1. Center a rack in the oven and preheat to 450 degrees F. Line a baking sheet with parchment paper, foil or a silicone baking mat. Cut a 15-inch (or close) square piece of parchment or foil, and have kitchen twine on hand.

2. Mix the beans, half of the garlic, the balsamic and ½ tablespoon of the olive oil together in a small bowl. Stir in a generous pinch of paprika and season with salt and pepper. Taste and add more balsamic, paprika, salt and/or pepper, if needed.

3. Place the sheet of parchment or foil on the counter. Start building the dish in the center of the packet. Lay down a slice of lemon, top with 2 slices of tomato and a sprig of thyme. Season with salt/pepper. Spoon on the bean mixture and scatter over half of the scallion or onion. Rub the cod with some paprika, salt and pepper and nestle it into the beans. Scatter over the remaining garlic slivers and scallion or onion. Top with the remaining tomato, lemon and thyme and, once again, season with salt and pepper. Pour over the remaining 1 tablespoon oil and the wine. 
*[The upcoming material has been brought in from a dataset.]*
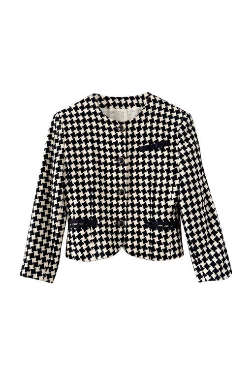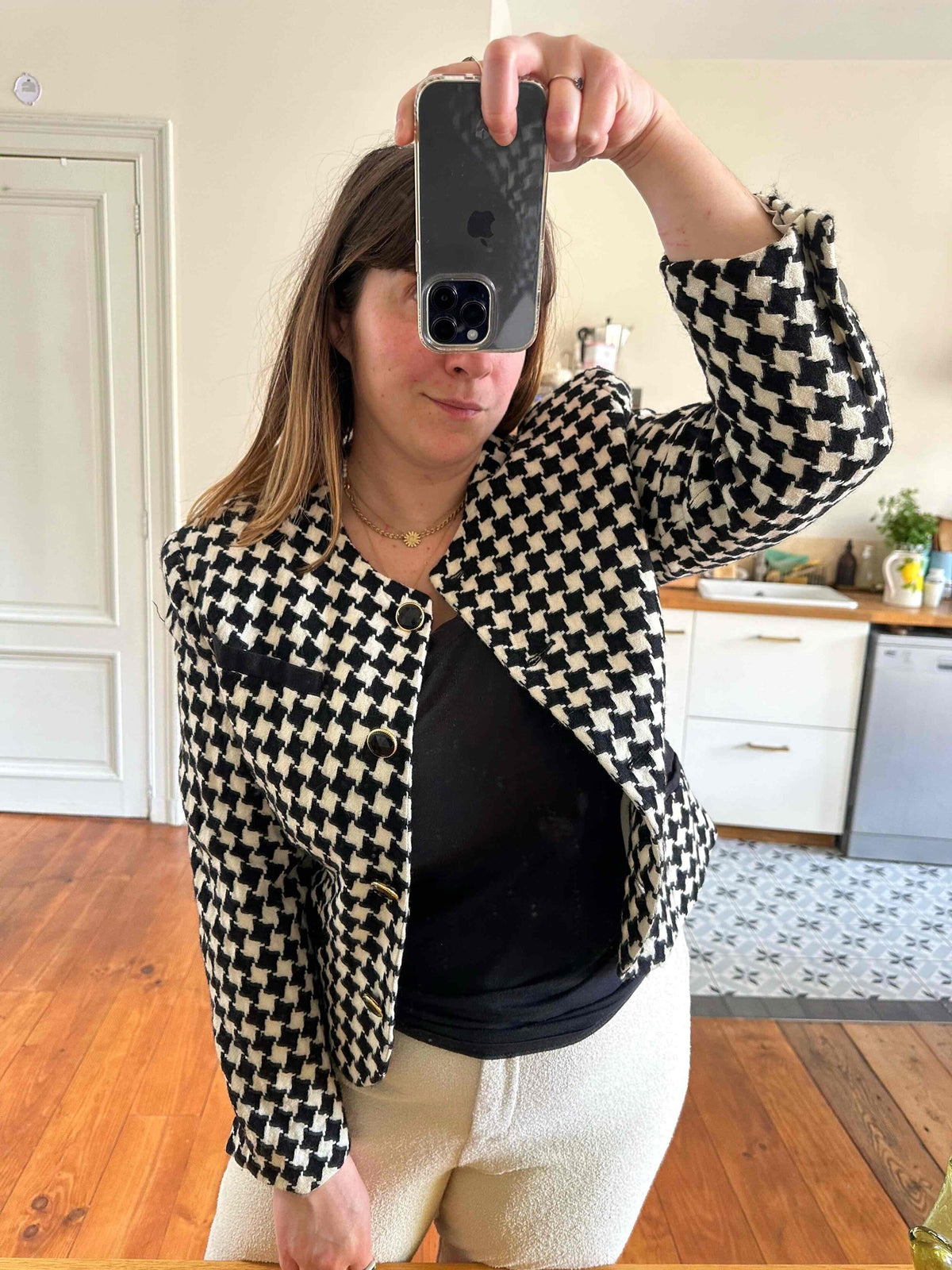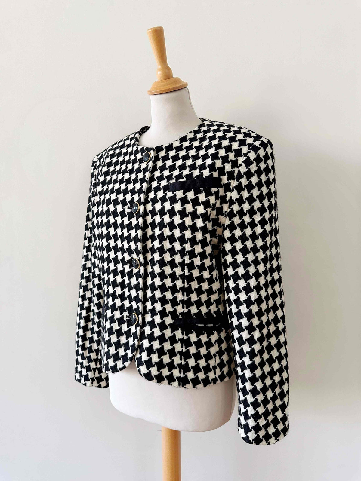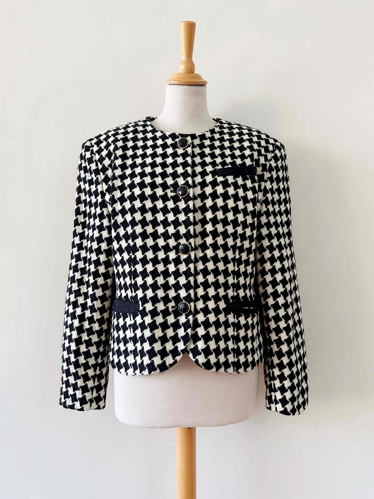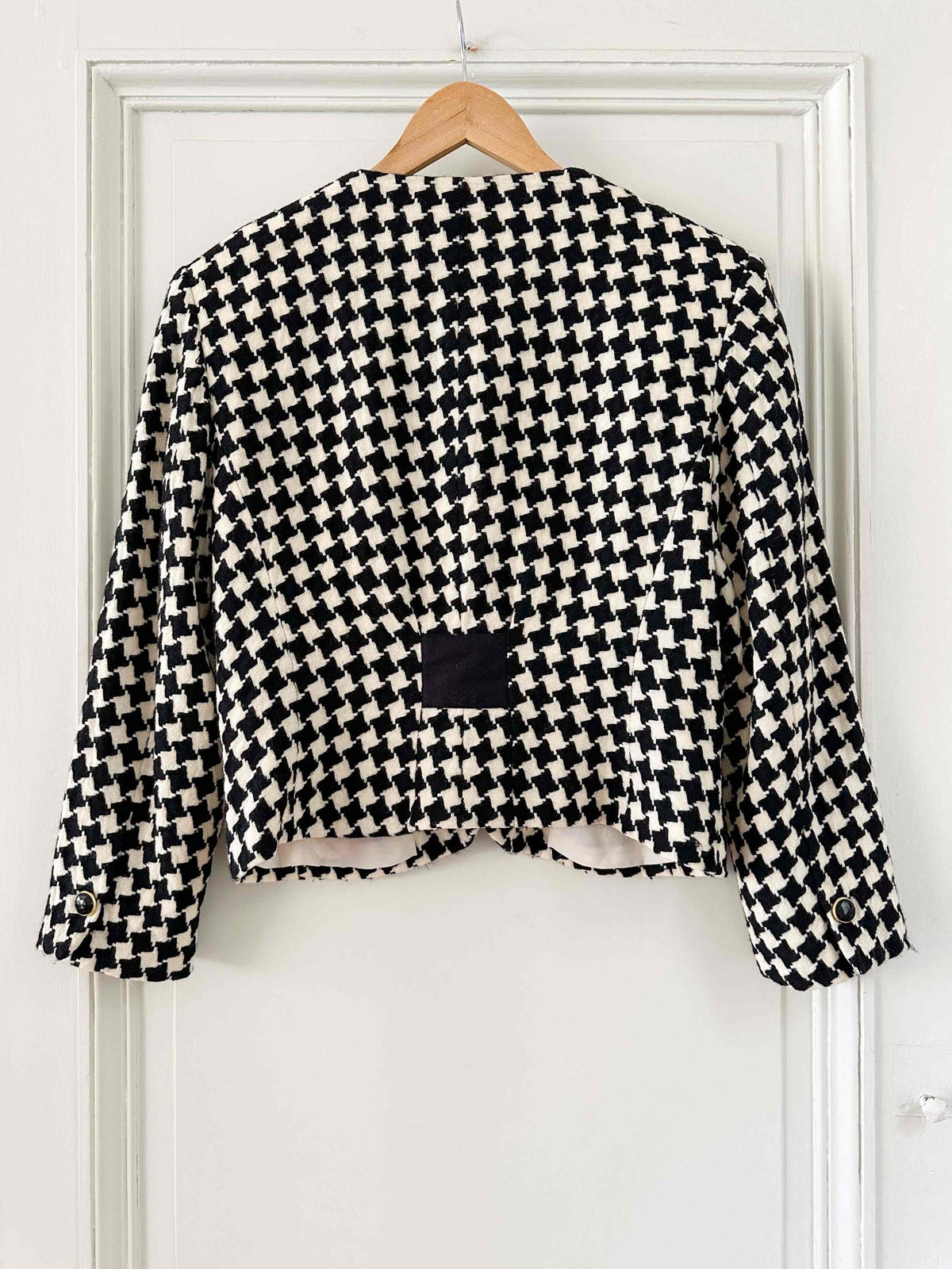 Prix unitaire parBlazer en laine pied de poule tweed blanc et noir, boutons bijoux dorés et strass noirs, forme spencer court, taille 36 porté ici sur un mannequin T36.

4 Lift up the edges of the paper or foil to make a kind of hobo’s sack and tie it tightly at the “neck,” leaving a couple of inches between the ingredients and where you’re securing the bundle. Put the packet on the baking sheet. (Remember, the packet can be prepared up to 8 hours ahead and kept in the refrigerator; let it sit on the counter while you preheat the oven.)

5. Bake for 15 minutes, or until the fish is opaque at the center. Peek in to poke it with a paring knife. If your fillet was under 5 ounces, check at 12 minutes; if it was heavier or cold, check at 15 — you might need a minute or two longer. Because you’re steaming the fish, the risk of overcooking is minimal.

6. Serve the packet immediately, paying attention when you open it — the initial puff of steam is wonderfully fragrant but very fragrant. STORING: There is no keeping this dish once it is cooked.

Snow melt run-off finding its way down the mountain on Independence Pass.